DATA SEGMENT:
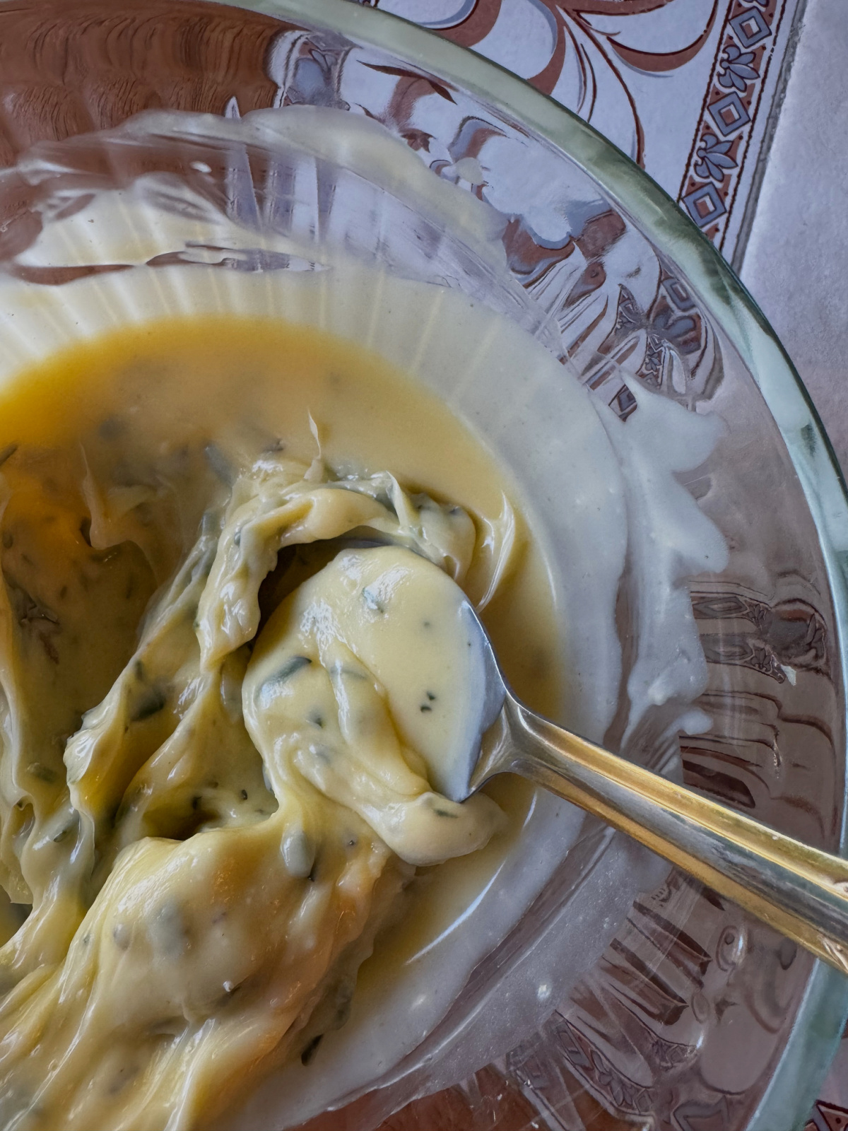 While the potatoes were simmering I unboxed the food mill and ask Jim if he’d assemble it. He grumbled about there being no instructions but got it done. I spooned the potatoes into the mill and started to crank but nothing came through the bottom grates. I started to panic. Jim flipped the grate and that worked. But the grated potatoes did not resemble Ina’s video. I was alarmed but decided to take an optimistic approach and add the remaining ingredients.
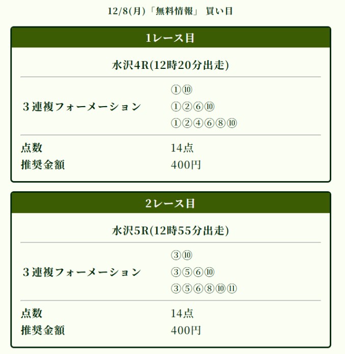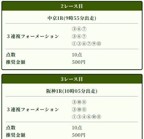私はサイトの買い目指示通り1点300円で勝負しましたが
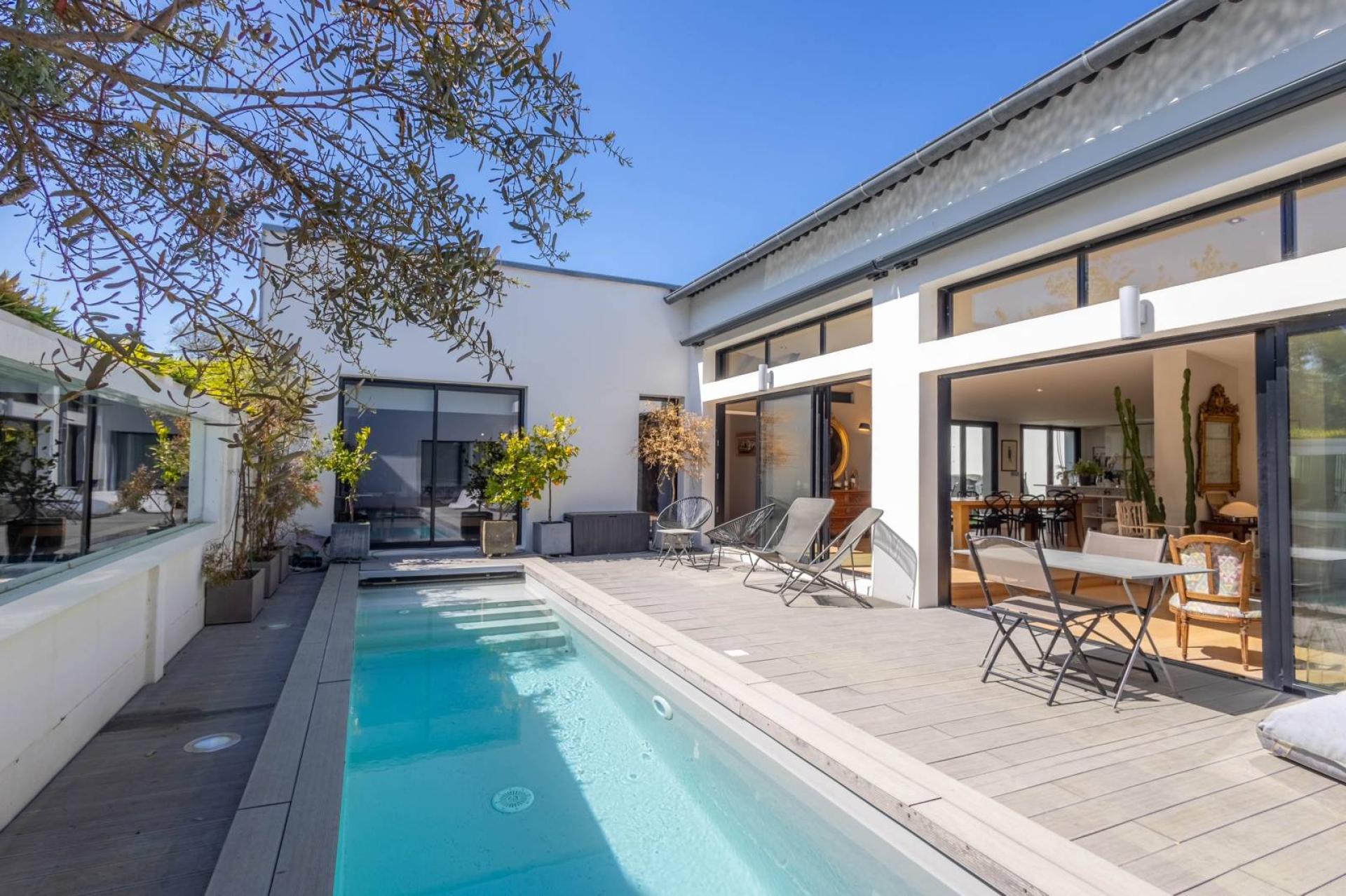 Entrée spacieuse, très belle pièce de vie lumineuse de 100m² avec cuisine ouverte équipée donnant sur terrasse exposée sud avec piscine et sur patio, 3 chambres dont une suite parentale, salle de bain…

EXERCISE DESCRIPTION: A faithful, word-for-word copy of the data is needed; the pictures should not appear in it.

RESULT OF THIS TASK:
 While the potatoes were simmering I unboxed the food mill and ask Jim if he’d assemble it. He grumbled about there being no instructions but got it done. I spooned the potatoes into the mill and started to crank but nothing came through the bottom grates. I started to panic. Jim flipped the grate and that worked. But the grated potatoes did not resemble Ina’s video. I was alarmed but decided to take an optimistic approach and add the remaining ingredients.
私はサイトの買い目指示通り1点300円で勝負しましたが
 Entrée spacieuse, très belle pièce de vie lumineuse de 100m² avec cuisine ouverte équipée donnant sur terrasse exposée sud avec piscine et sur patio, 3 chambres dont une suite parentale, salle de bain…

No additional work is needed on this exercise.